Get to the Good Stuff

You and your little one have canned jam to give as holiday gifts. You've used your Mac to create a gift label, and all that's left to do is placing your child's smiling face into it. You've already scanned your most angelic picture of him, but the photo is of a summery scene that just doesn't suit December's jam jars.

No problem. Using the Layer Mask feature in Adobe Photoshop 5.0 and above and Photoshop LE (800/833-6687, http://www.adobe.com ), you can digitally cut your cutie out of that background with greater accuracy than any pair of scissors affords.

Understanding the Layer Mask feature is easy when you think about its name. Before you paint a wall, you generally mask the baseboards with tape or paper. Layer Mask similarly obscures some parts of an image, but instead of covering them, Layer Mask makes those parts invisible. And because the image still exists behind the mask, you can easily restore portions of it if you cut out too much.

Once you mask the background, your perfectly silhouetted subject fits into your label, and your work of art is ready to print for the gift basket.

GENEVIEVE MARGHERIO ( gm@genevieve.net ) is partial to masks, both as a designer at Chicago's interactive agency Generator ( www.generator.net ) and as someone born on Halloween.

1. Prepare to Mask   Before you begin surgery to remove the background from your photo, place the scanned image on a new layer above the label you've created in Photoshop.

In Photoshop, open both the image you've scanned and the label you've created. Within the scanned document, select the Marquee tool from the Tools palette (or press M) and drag the mouse to create a box around the part of the photo you want to keep. In my example, I'm concentrating on the head and shoulders of a boy I'll call Cousin Max.

         

Switch to the Move tool (press V) and drag your selection onto the label document A . Photoshop will automatically create a new layer to accommodate the selection B .

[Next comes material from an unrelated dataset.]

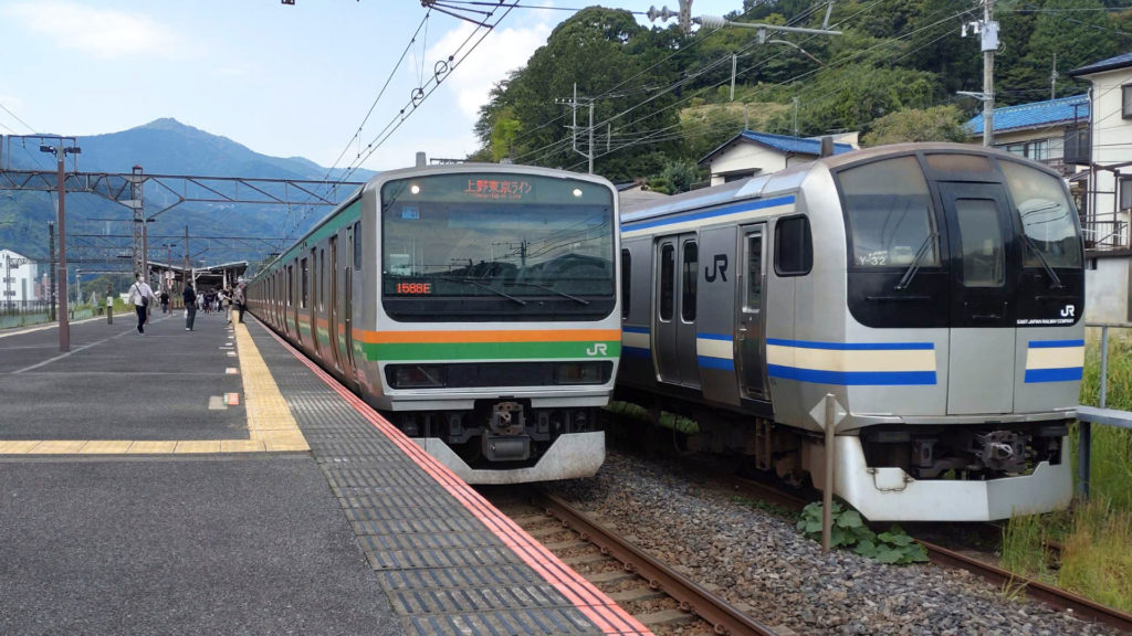 湯河原駅から東海道線の列車に乗ります。車両はE231系1000番台。湯河原駅に何故か横須賀線などで使われているE217系電車が停まっていました。(前日来た時も停まってました)
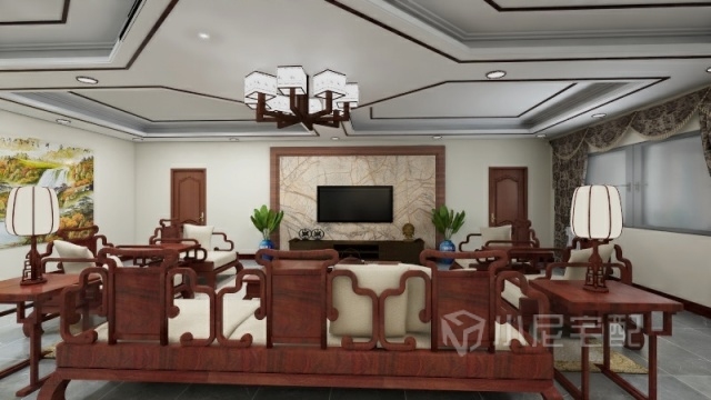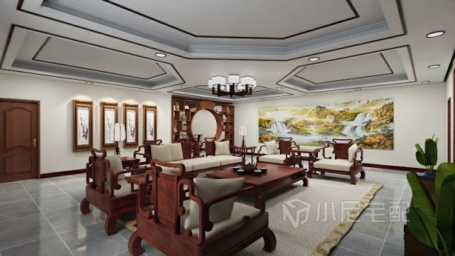 客廳運用的是紅木材質家具 低調沉穩 更能凸顯業主的身份以及品味

Make sure you've selected the new layer, and then use the Move tool to position the selection over the label C .

Now you're ready to mask the portion of the photo that you don't want to appear--in this case, everything except Max's head and shoulders.

2. Create a Loose Outline   Before you do any intricate cutting, rough in the outline you'll want around your subject.

Choose the Lasso tool from the Tools palette (or press L), and click and drag to draw a loose outline around your subject A . Next, click on the Add Layer Mask button at the bottom of the Layers palette B .

The part of the photo that wasn't selected disappears C , and a black-and-white icon indicating the presence of a layer mask appears in the Layers palette D , next to the icon of the photograph. Though it looks as if you've erased part of your photograph, nothing has actually been deleted--it's only hidden behind the mask.

3. Zoom In   To accurately trim a complicated shape (such as Max) out of a busy background, you'll need to pay attention. Focus on detail by looking very closely at your image before you cut.

Select the Zoom tool (press Z) and drag a box around a small portion of the photograph to enlarge it A . If you've sufficiently zoomed in on your photo, you should be able to see individual pixels--the tiny colored squares that make up images on a screen.

This makes it easier to determine where your subject ends and the background begins. Here I can see which pixels make up Max's hair and which make up the fence pole behind him B .

As you draw around your subject in the next step, you'll zoom in and out to gauge which bits of the photo to keep and which to mask. To zoom out, hold down the option key and click on your image with the Zoom tool.

TIP: To zoom in, press command-plus (+); to zoom out, command-minus (-).

4. Cut It Out   The Layer Mask is in place, you've zoomed in, and it's time to pick up your Lasso tool to perfect the outline of your subject.

Select the Polygon Lasso tool (shift-L). In the Polygon Lasso Options window (Window: Show Options), select Anti-aliased to cut with a smooth edge A .

The Polygon Lasso tool lets you define precise points in your outline by clicking on them. (The regular Lasso tool relies on the less-exact movements of the mouse.)

Press D to set the Tool palette color swatches to default values. Then, using the Polygon Lasso tool, draw around the part of the photo you want to hide B . Press the delete key to add your selection to the layer mask and make it invisible C .

If you mask too much of your image D , you can restore a portion to visibility by selecting it with the Polygon Lasso tool and then pressing option-delete E .

When you've finished refining your mask, choose Save A Copy from the File menu and choose the TIFF format. This will collapse your layers into one and save the combined image while preserving your layered version. Now you're ready to print.